Using chimaera assay it was shown that the complete loss of ICM cell plasticity and final commitment to one of the three cell lineages (TE, EPI or PE) occurs between 120- and 170-cell blastocyst stage52. Regardless of the host embryo environment, PE and EPI cells at this stage are developmentally committed, since after microinjection of dissociated ICM cells into recipient 8-cell embryo or blastocyst their contribution in resulting chimaeras is restricted exclusively to the lineage of their origin52,54.

It is worth noting that our results explain the correlation between the stage of blastocysts serving as a source of ICMs and the efficiency of ESC derivation, which has been reported previously both in mouse and human22,25. ESCs can be derived from any preimplantation stage, albeit with different frequency22 even following FGF/MAPK inhibition, which generally facilitates the isolation of germline-competent ESCs10. Our data point the ICM of about E3.5 blastocyst as the most optimal developmental stage for ESC derivation. Indeed, Boroviak et al. showed that in contrast to this mid-blastocyst stage, single ICM cells of early blastocysts (about 32-cell) when cultured in 2i conditions hardly ever generated ESCs22 , giving rise to large and vacuolated cells displaying key TE markers. Thus, the 2inh.-mediated full potency of early ICMs, observed in our study, may underlie the inability to obtain ESC lines from this stage.

Methods

All animal studies were approved by the Local Ethics Committee for Experimentation on Animals no. 1 (Warsaw, Poland), designated by the National Ethics Committee for Experimentation on Animals (Poland), and were performed in compliance with the national regulations.


Animals

F1(C57Bl6/TarxCBA/Tar) or CD females and F1(C57Bl6/TarxCBA/Tar) and PdgfrαH2B-GFP34 or C57Bl/6-Tg(UBC-GFP)30Scha/J males were used in this study.


Embryos

Blastocysts were obtained from F1 or CD females ovulating spontaneously or superovulated with 10 IU of PMSG (pregnant mare’s serum gonadotropin; Intervet) followed after 48 hrs with 10 IU of hCG (human chorionic gonadotropin; Intervet), and mated with F1, PdgfrαH2B-GFP or C57Bl/6-Tg(UBC-GFP)30Scha/J males. To obtain E3.0 blastocysts, 8-cell embryos were isolated from oviducts of the F1 females caged with F1 or C57Bl/6-Tg(UBC-GFP)30Scha/J males and sacrificed 2 days after the vaginal plug had been found. The embryos were then cultured in KSOM medium (Specialty Media) for about 20 hrs and inspected for the appearance of the cavity. To obtain E3.5 and E4.5 blastocysts females with vaginal plugs were autopsied on the 4th day post coitum (dpc) or 92–96 hrs after hCG injection. Blastocysts were collected by flushing oviducts and uteri with M2 medium supplemented with 4 mg/ml bovine serum albumin (BSA; Sigma-Aldrich55).

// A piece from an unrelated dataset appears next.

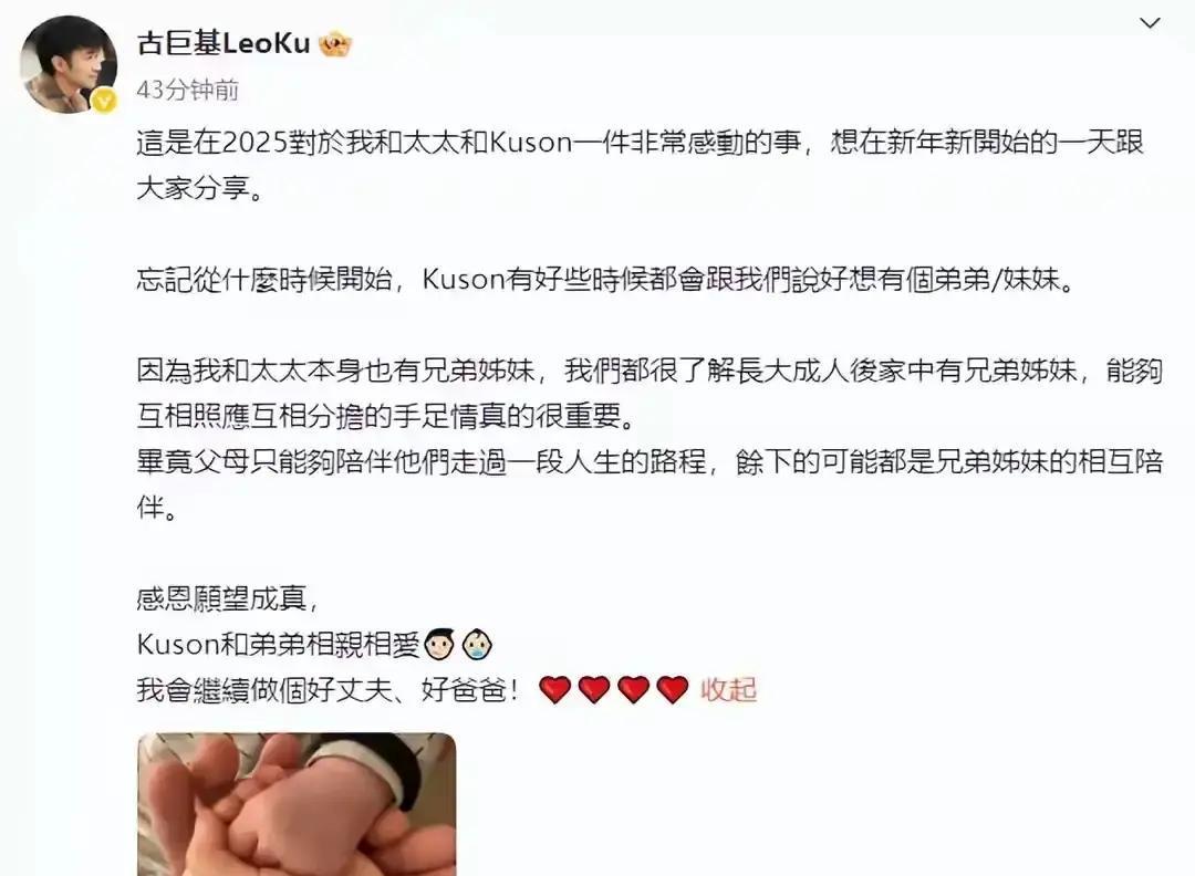 57岁生娃,她真敢赌命 古巨基晒二胎脚丫照,53岁再当爸,妻子57岁。评论区炸了:这岁数还能生? 港大医学院最新数据:50岁以上女性试管成功率从十年前的1%升到6%。听着高,背后是每天扎针、取卵、保胎,一针下去就是几百块。 陈韵晴能成,靠的是三件事:钱、命、命。一次试管疗程八万起步,三次打底;子宫环境、血压、血糖全得过关;最后还得老天给运气。 林心如说不敢追二胎,不是怕疼,是怕孩子十岁自己七十。这账谁都算得清。 高龄产子不是奇迹,是科技与钱包的拔河。你羡慕之前,先摸摸银行卡和体检报告。

Blastocysts in sequential stages of development were used:

  • E3.0 (32-cell-stage) – isolated as described above;

  • E3.5–3.75 (50–70-cell-stage) – obtained after 92–96 hrs post hCG or on 4 dpc in case of spontaneously ovulated females, and used for experiments immediately after isolation;

  • E4.5 (>80-cell-stage) – obtained as E3.5 blastocysts and cultured 24 hrs in vitro.

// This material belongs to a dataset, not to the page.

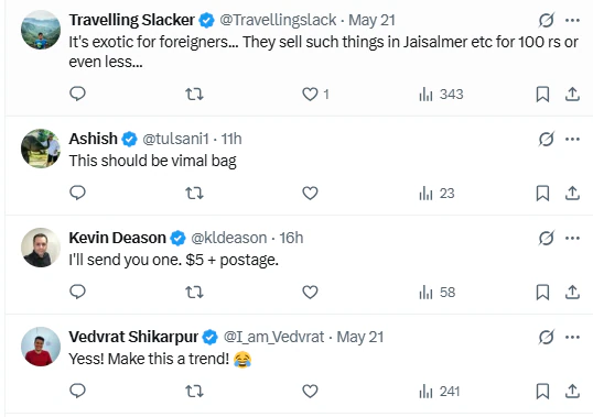 Social media users are occupied with talking about the “Indian souvenir bag” on X in the meantime:

In vitro culture of embryos was conducted in standard culture conditions (37.5 °C, in 5% CO2 in the air).


Labelling of TE cells in E3.0 blastocysts with fluorescent latex microspheres

The zona pellucida was removed from E3.0 embryos using acidic Tyrode’s solution56. Embryos were washed in M2 medium (without BSA) and incubated with latex fluorescent microspheres (FM, Fluoresbrite plain YG0.2 mm Microspheres, Polysciences, Inc; 1:100, 5 min57).


Microinjection of inner blastomeres derived from E3.0 blastocysts into 8-cell embryos and blastocysts

Recipient embryos, i.e. 8-cell embryos and E3.5 blastocysts, were collected from F1 females mated with F1 males. They were obtained 64 and 94 hrs after hCG injection, respectively.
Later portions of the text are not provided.